I was inspired by Xan Porter's recent post on Evaluating Web Page Quality. Search engines have their own evaluation signals, but as they try to improve in quality, it's only natural to pursue more human metrics in order to refine to the greatest possible degree. The research she points to - less is more: probalistic models for retrieving fewer relevant documents - offers up a terrific structure for how humans might evaluate documents:
Intrinsic Features:
- How accurate is the information presented?
- How biased or unbiased is the data?
- How believable is the content?
- How credible is the source?
Contextual Features:
- Is the information relevant to the user's query?
- Does the information add value to the subject?
- Is the work recent enough to be of value?
- Is the source thorough in its presentation?
- What amount of information is provided?
Representational Features:
- Can the material be interpreted in different ways?
- How easy or difficult is the material for a user to understand?
- Does the document state the information concisely?
- Is the source consistent?
Accessibility Features:
- Is the document accessible?
- Does the content present security risks?
Of these, which can search engines currently measure? I'd guess that of the above, they have signals about many, but only solid metrics for accessibility, security risks and, possibly, readability... There's a long way to go.
"What amount of information is provided?"
In my mind at least, this should be re-worded: "Is there too little information?"
Or is it possible that too much information is a bad thing?
>>Or is it possible that too much information is a bad thing?
A lot of Wikipedia articles contain too much useless information (since everyone wants to leave their mark), as well as many "scientific" books - Ph.D. thesis with 500+ pages, full of redundancies.
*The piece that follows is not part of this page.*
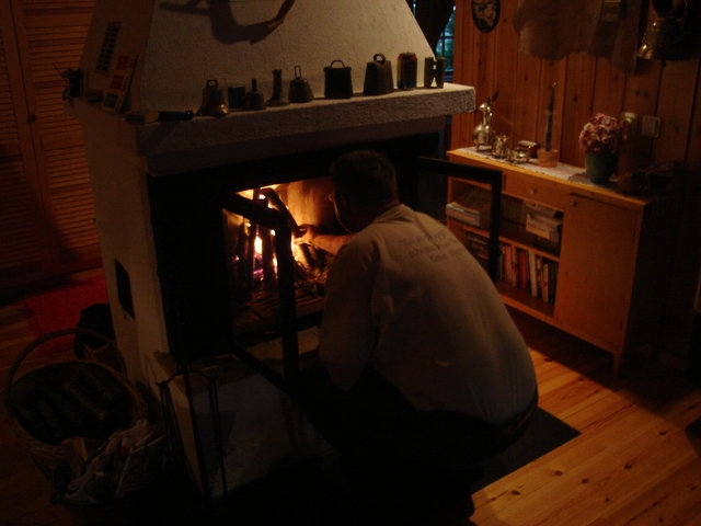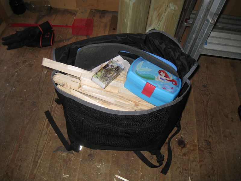 Jag fick henne att lugna sig en stund till men kl. 10 stod vi och packade ved i en väska som redan var överfull med fikaprylar.
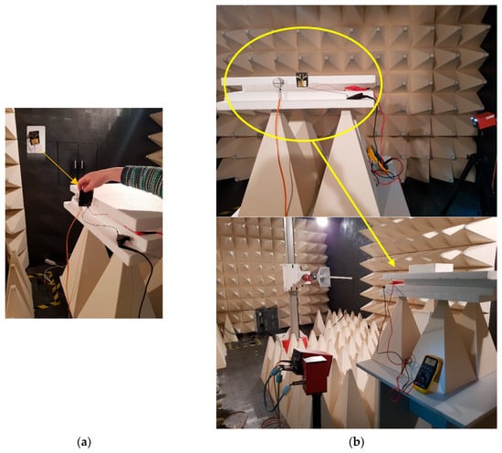 Figure 11. Fabricated prototype of the rectenna: (a) photograph of the top and back side; (b) photographs of the test setup and prototype inside a semi-anechoic chamber.

Less is often more. Be concise. Measuring content in kilobytes is definitely "a bad thing".
"... as well as many "scientific" books - Ph.D. thesis with 500+ pages, full of redundancies."
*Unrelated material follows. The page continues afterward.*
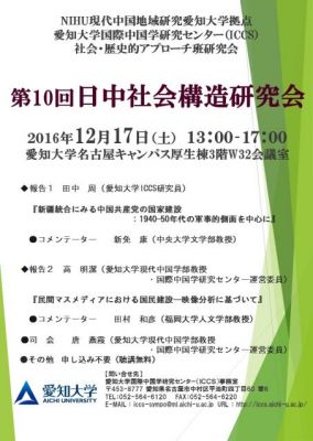 ICCS第10回日中社会構造研究会開催のお知らせ(12/17)
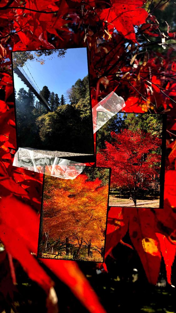萌えるような紅葉🍁吊橋渡って遊歩道に

To us may be, but to a fellow Ph.D., what may well be redundant to us and to some degree the search engines may well be just the details they were looking for.
I'd say the topic is going to play an enormous part in this. What with scientific content being at the upper end of the verbiage scale...
The problem with many Wikipedia articles is that they read as if they were written by some kid with ADD. Articles often lump together random facts that don't logically flow into each other.